SUBWAY Restaurants “Eat Fresh!” slogan may need to be changed to “Pay Right.” This week the U.S. DOL – Wage and Hour Division announced it is partnering with the national SUBWAY headquarters for the purpose of increasing compliance with federal labor laws at SUBWAY franchises throughout the country. This is a voluntary action by SUBWAY headquarters, and is not tied to any claims. SUBWAY headquarters has indicated they are committed to assisting the Wage and Hour division in educating franchisees on wage and hour laws, and are taking a proactive approach to assist their goal:

(1) By placing a link to the Wage & Hour Division’s website on their intranet site for restaurant owners to use for reference purposes;
(2) By inviting Wage and Hour division staff to present at its annual meetings; and
(3) Publishing articles outlining federal minimum wage and overtime requirements under the Fair Labor Standards Act in its weekly electronic newsletters.

This is a good business practice by SUBWAY, because employers found in violation of the FLSA can be subject to claims for back wages, damages, and penalties. Other national franchisors should take a hint from SUBWAY, and contact the Wage and Hour Division to ask for assistance in training their franchisees on federal labor laws. Being proactive can save time and money in the long run.

This isn’t the first time I’ve blogged about the importance of making sure your employees are properly compensated under the Fair Labor Standards Act (FLSA), you can find those stories here, here, and here.  Now, it seems that restaurants are on the Department of Labor’s hot seat. 

The Minneapolis District Office for the Wage and Hour Division of the Department of Labor has resolved an investigation involving the Wisconsin Meyer’s Family Restaurant. The Meyer’s Family Restaurant has agreed to pay over $116,000 in back wages to 38 employees. The company was cited for failing to record all hours worked by employees, failing to pay overtime compensation, paying cash for some hours of work and keeping no record of the hours worked or the cash payments made, and keeping no record of tips received.

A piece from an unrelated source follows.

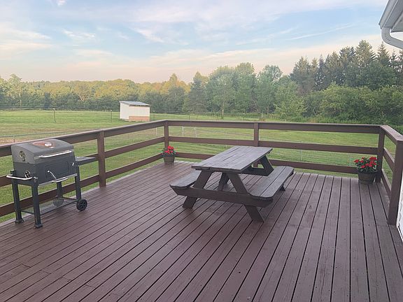-Amazing property on over ten acres! Great setup for horses. 2 Barns: 32x42 barn with water, electric, heated tack room, and 5 stalls. Metal pole barn 1,800sqr ft with electric. The great split entry home has been recently remodeled.

The FLSA has established a federal minimum wage of $7.25/hour for all hours worked, plus time and one-half for hours worked beyond 40 hours per week. However, an employer of a tipped employee is only required to pay $2.13/hour in direct wages, provided the amount the employee receives in tips equals the federal minimum wage. If the employee’s tips combined with the employer’s direct wages do not equal the minimum wage of $7.25/hour, the employer is require to make up the difference.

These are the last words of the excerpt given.